Let's check our test case using parallel():

@Test
public void givenAStreamOfData_whenIsProcessingInBatchParallelUsingCollectionAPI_thenFourBatchesAreObtained() {
    Collection<List<Integer>> result = data.parallel()
      .collect(Collectors.groupingBy(it -> it / BATCH_SIZE))
      .values();
    assertTrue(result.contains(firstBatch));
    assertTrue(result.contains(secondBatch));
    assertTrue(result.contains(thirdBatch));
    assertTrue(result.contains(fourthBatch));
}

6. RxJava

RxJava is a Java version of ReactiveX, which is a library for composing asynchronous and event-based programs using observable sequences. We can use it in conjunction with the Streams API to do batch processing in Java.

First, let's add its dependency in our pom.xml file:

<dependency>
    <groupId>io.reactivex.rxjava3</groupId>
    <artifactId>rxjava</artifactId>
    <version>3.1.5</version>
</dependency>

Our next step is to implement the test case:

@Test
public void givenAStreamOfData_whenIsProcessingInBatchUsingRxJavaV3_thenFourBatchesAreObtained() {
    Collection<List<Integer>> result = new ArrayList<>();
    Observable.fromStream(data)
      .buffer(BATCH_SIZE)
      .subscribe(result::add);
    assertTrue(result.contains(firstBatch));
    assertTrue(result.contains(secondBatch));
    assertTrue(result.contains(thirdBatch));
    assertTrue(result.contains(fourthBatch));
}

To divide the data stream into manageable chunks, this code uses the buffer() operator from the RxJava library, with each chunk's size determined by the variable BATCH_SIZE.

Additionally, we create an Observable from a data stream using the Observable.fromStream() method. We call the Observable‘s buffer() method with BATCH_SIZE as the input. The Observable items are sorted into lists of the size we choose, and each list is emitted as a new item in the stream.
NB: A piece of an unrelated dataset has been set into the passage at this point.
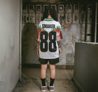 SMAKER STUDIO MESH V NECK TEE IN WHITE
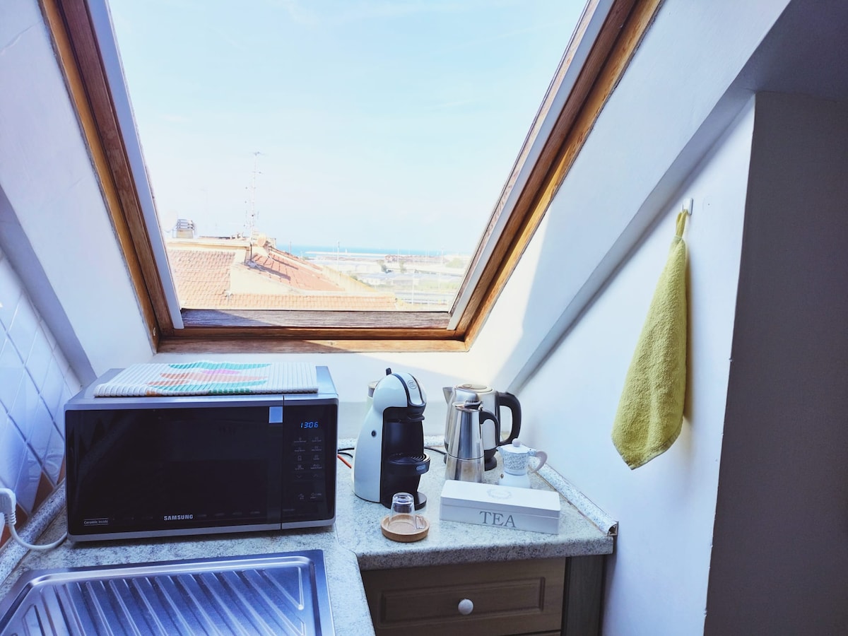 Apartamento abuhardillado, recientemente reformado, en el barrio de los Arcos. Privacidad absoluta: acceso exclusivo, sin espacios compartidos. La estación de tren y el centro están a solo 10 minutos a pie. En las inmediaciones: supermercados, bares, restaurantes y pizzerías. La Mole Vanvitelliana, el puerto de pasajeros de Ancona y el aparcamiento Archi FlixBus están frente a ti, lo que garantiza el acceso a todos los medios de transporte. Ideal para llegar a la sede de la Marina Militar y los astilleros.

The result is an Observable, and the subscribe() method is invoked on it with result::add as its argument. This creates a subscription to the Observable, and every time the Observable emits an item, the add method of the result list is invoked. In this scenario, the Observable‘s output consists of lists of elements aggregated into sets.

7. Vavr

Vavr is a functional programming library with immutable collections and other functional data structures.
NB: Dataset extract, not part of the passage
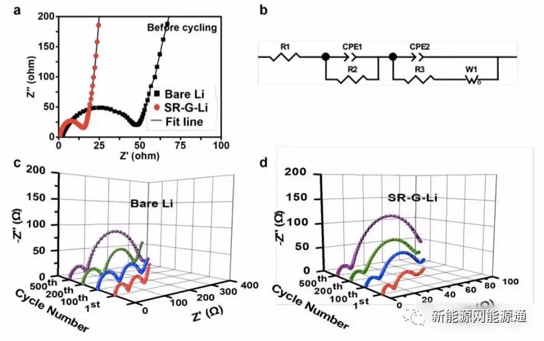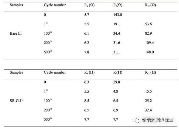 石墨涂层提升金属Li负极循环性能的原因能够从EIS分析中得到,通过对比在1mA/cm2的电流密度下循环1,100,200和500次的EIS测试结果,我们能够发现石墨烯涂层的金属Li负极表面SEI膜阻抗Rf和电荷交换阻抗RCT要明显低于没有涂层的,并且循环过程中有石墨烯涂层保护的金属Li负极的阻抗增加速度也要明显慢于普通的金属Li负极,表明石墨烯涂层能够帮助金属Li负极形成更加稳定的SEI膜,减缓循环过程中SEI膜的生长。

In this case, we add its dependency in our pom.xml file:

<dependency>
    <groupId>io.vavr</groupId>
    <artifactId>vavr</artifactId>
    <version>1.0.0-alpha-4</version>
</dependency>

Now, let's see the test case in action:

@Test
public void givenAStreamOfData_whenIsProcessingInBatchUsingVavr_thenFourBatchesAreObtained() {
    List<List<Integer>> result = Stream.ofAll(data)
      .toList()
      .grouped(BATCH_SIZE)
      .toList();
    assertTrue(result.contains(firstBatch));
    assertTrue(result.contains(secondBatch));
    assertTrue(result.contains(thirdBatch));
    assertTrue(result.contains(fourthBatch));
}

The Stream.ofAll() method transforms the data set into a stream using the Stream.ofAll() method. Finally, we use Stream‘s toList() method to turn it into a List. This final List is passed as an argument to the grouped() method along with the value BATCH_SIZE. This method returns an ordered List with BATCH_SIZE elements taken from the original list and replicated once within each inner list.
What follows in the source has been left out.